Vanity metrics like total revenue can be misleading. A startup might acquire many low-priced, low-usage customers without solving a core problem. Deep, consistent user engagement statistics are a much stronger indicator of genuine, 'found' demand than top-line numbers alone.
When evaluating AI companies, focus on customer love (gross retention) and efficient acquisition over gross margins. High margins are less critical initially, as the 99%+ decline in model input costs suggests a clear path to future profitability if the core product is sticky.
Since today's AI companies grow too fast to have multi-year renewal data, investors must adapt their diligence. The focus shifts from long-term retention to short-cycle retention and, crucially, deep product engagement. High usage is the best leading indicator of future stickiness and value.
Metrics like product utilization, ROI, or customer happiness (NPS) are often correlated with retention but don't cause it. Focusing on these proxies wastes energy. Instead, identify the one specific event (e.g., a team sending 2,000 Slack messages) that causally leads to non-churn.
The true indicator of Product-Market Fit isn't how fast you can sign up new users, but how effectively you can retain them. High growth with high churn is a false signal that leads to a plateau, not compounding growth.
The current AI hype cycle can create misleading top-of-funnel metrics. The only companies that will survive are those demonstrating strong, above-benchmark user and revenue retention. It has become the ultimate litmus test for whether a product provides real, lasting value beyond the initial curiosity.
While pipeline is important, the real signal of a successful AI-driven business is the depth of customer engagement. Are customers expanding beyond their initial use case? Are developers integrating your tool into core workflows? Are communities actively discussing you? These leading indicators show a stronger foundation than top-of-funnel metrics alone.
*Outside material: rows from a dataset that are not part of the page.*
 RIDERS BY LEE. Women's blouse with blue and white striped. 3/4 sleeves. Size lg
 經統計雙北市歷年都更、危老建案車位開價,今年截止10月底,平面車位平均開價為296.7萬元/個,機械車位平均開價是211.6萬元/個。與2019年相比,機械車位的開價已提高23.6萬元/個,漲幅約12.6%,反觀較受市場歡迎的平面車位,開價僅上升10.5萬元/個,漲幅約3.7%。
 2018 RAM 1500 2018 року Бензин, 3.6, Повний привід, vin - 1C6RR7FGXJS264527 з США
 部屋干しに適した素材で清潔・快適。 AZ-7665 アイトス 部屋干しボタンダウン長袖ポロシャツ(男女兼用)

Don't jump directly to optimizing for high-level business outcomes like retention. Instead, sequence your North Star metric. First, focus the team on driving foundational user engagement. Only after establishing that behavior should you shift the primary metric to a direct business impact like revenue or retention.
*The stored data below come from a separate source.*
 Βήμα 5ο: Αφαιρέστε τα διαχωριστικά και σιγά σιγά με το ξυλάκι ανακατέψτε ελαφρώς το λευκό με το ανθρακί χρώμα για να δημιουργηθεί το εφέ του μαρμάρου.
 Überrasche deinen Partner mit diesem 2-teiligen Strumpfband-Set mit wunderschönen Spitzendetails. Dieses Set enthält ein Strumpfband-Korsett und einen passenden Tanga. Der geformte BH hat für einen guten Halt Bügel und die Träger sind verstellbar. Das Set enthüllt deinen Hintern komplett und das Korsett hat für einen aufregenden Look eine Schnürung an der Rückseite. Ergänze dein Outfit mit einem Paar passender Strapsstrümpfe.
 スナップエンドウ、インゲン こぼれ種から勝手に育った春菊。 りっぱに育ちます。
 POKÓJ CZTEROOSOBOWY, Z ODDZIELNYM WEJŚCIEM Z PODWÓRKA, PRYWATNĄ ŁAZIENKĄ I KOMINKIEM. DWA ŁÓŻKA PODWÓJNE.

Because AI products improve so rapidly, it's crucial to proactively bring lapsed users back. A user who tried the product a year ago has no idea how much better it is today. Marketing pushes around major version launches (e.g., v3.0) can create a step-change in weekly active users.
Instead of focusing solely on CSAT or transaction completion, a more powerful KPI for AI effectiveness is repeat usage. When customers voluntarily return to the same AI-powered channel (e.g., a chatbot) to solve a problem, it signals the experience was so effective it became their preferred method.